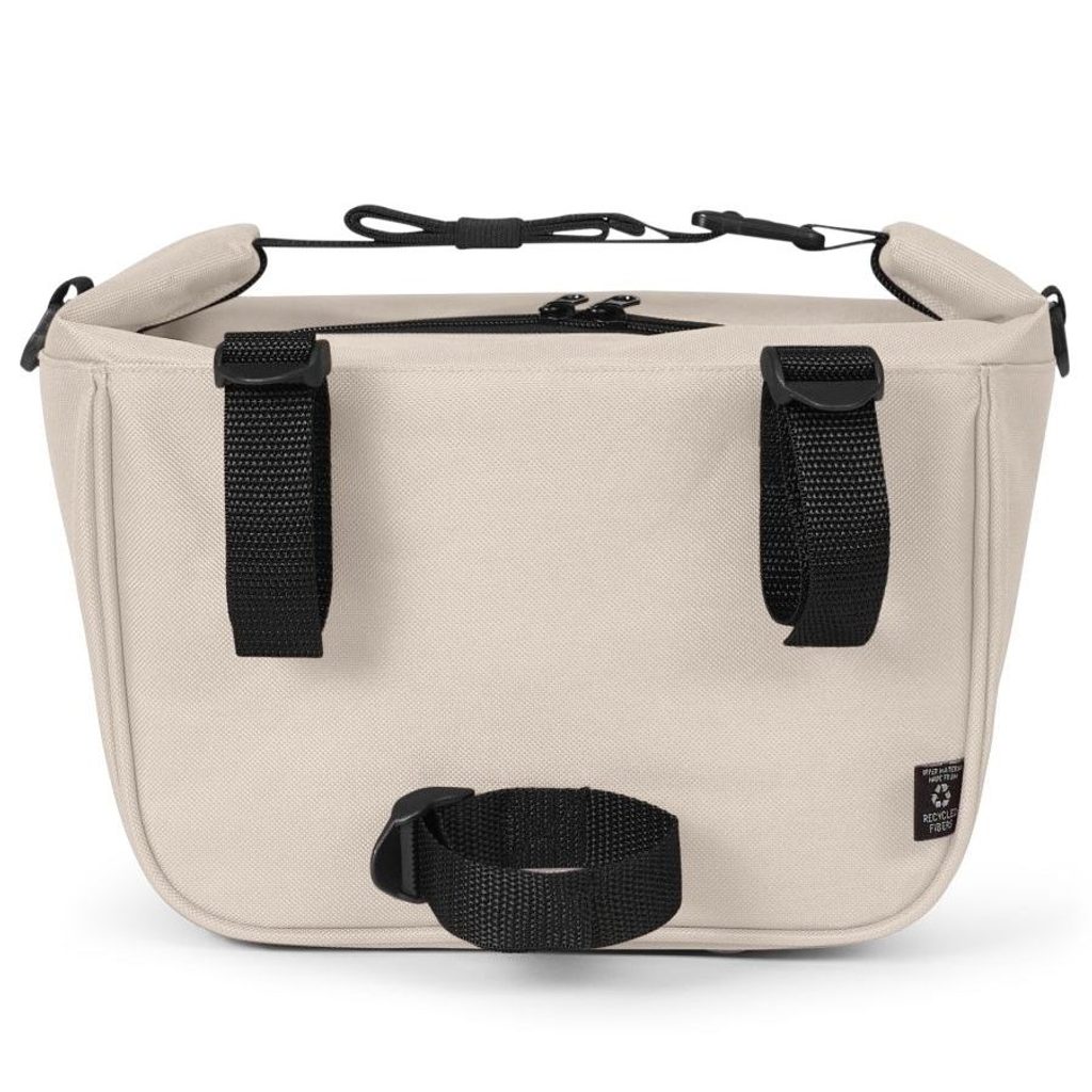 Pohodlí při nošení zajišťuje odnímatelný a délkově nastavitelný popruh, který se dá na jedné straně zcela odepnout a můžete si ho upravit podle potřeby. Dalším praktickým detailem jsou úchyty na zadní straně, díky kterým tašku snadno upevníte na řídítka kola. Pružný pásek popruh udrží na místě, což oceníte zejména při cestování nebo jízdě na kole.
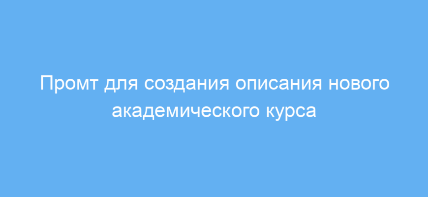 Принцип работы промта прост: пользователь задаёт тему курса, а нейросеть генерирует структурированное, убедительное и креативное описание, отражающее современные тенденции и вызовы в высшем образовании. Это помогает сэкономить время и улучшить качество текстов для каталога курсов, сайта университета или презентационных материалов.
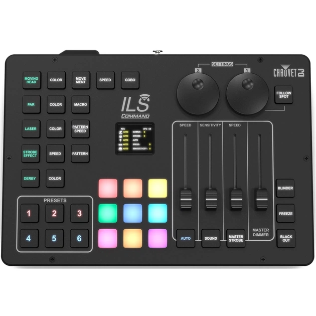 Запаліть ніч та розженіть темряву без необхідності витрачати години на складне програмування. Створюйте скоординовані світлові шоу за лічені хвилини! Забудьте про DMX — тепер всесвіт ILS у вашому розпорядженні. ILS Command здатний керувати будь-яким продуктом із підтримкою цієї технології, забезпечуючи бездротовий зв'язок через вбудований передавач D-Fi. Силіконові кнопки з підсвічуванням гарантують тактильну реакцію та чудову видимість навіть у повній темряві.
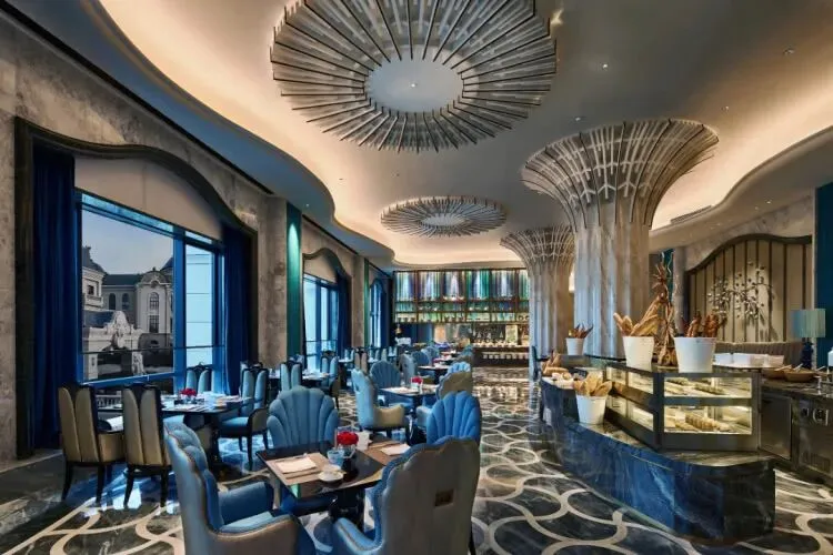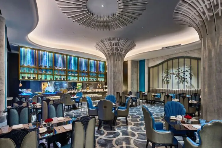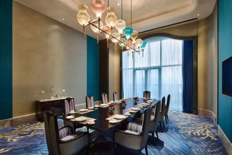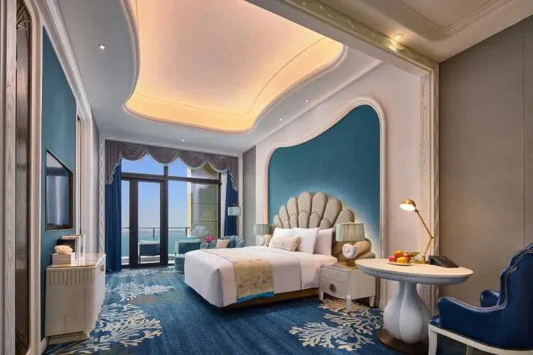酒店整体设计采用尊贵法邸与当地海洋元素相结合,同时增加电影元素的艺术品,突出东方影都主题。

#### [Work instructions]
Repeat each line of the material, unaltered, from the first through the line with "Принцип работы промта", and include no pictures.

#### [Response box]
 Pohodlí při nošení zajišťuje odnímatelný a délkově nastavitelný popruh, který se dá na jedné straně zcela odepnout a můžete si ho upravit podle potřeby. Dalším praktickým detailem jsou úchyty na zadní straně, díky kterým tašku snadno upevníte na řídítka kola. Pružný pásek popruh udrží na místě, což oceníte zejména při cestování nebo jízdě na kole.
 Принцип работы промта прост: пользователь задаёт тему курса, а нейросеть генерирует структурированное, убедительное и креативное описание, отражающее современные тенденции и вызовы в высшем образовании. Это помогает сэкономить время и улучшить качество текстов для каталога курсов, сайта университета или презентационных материалов.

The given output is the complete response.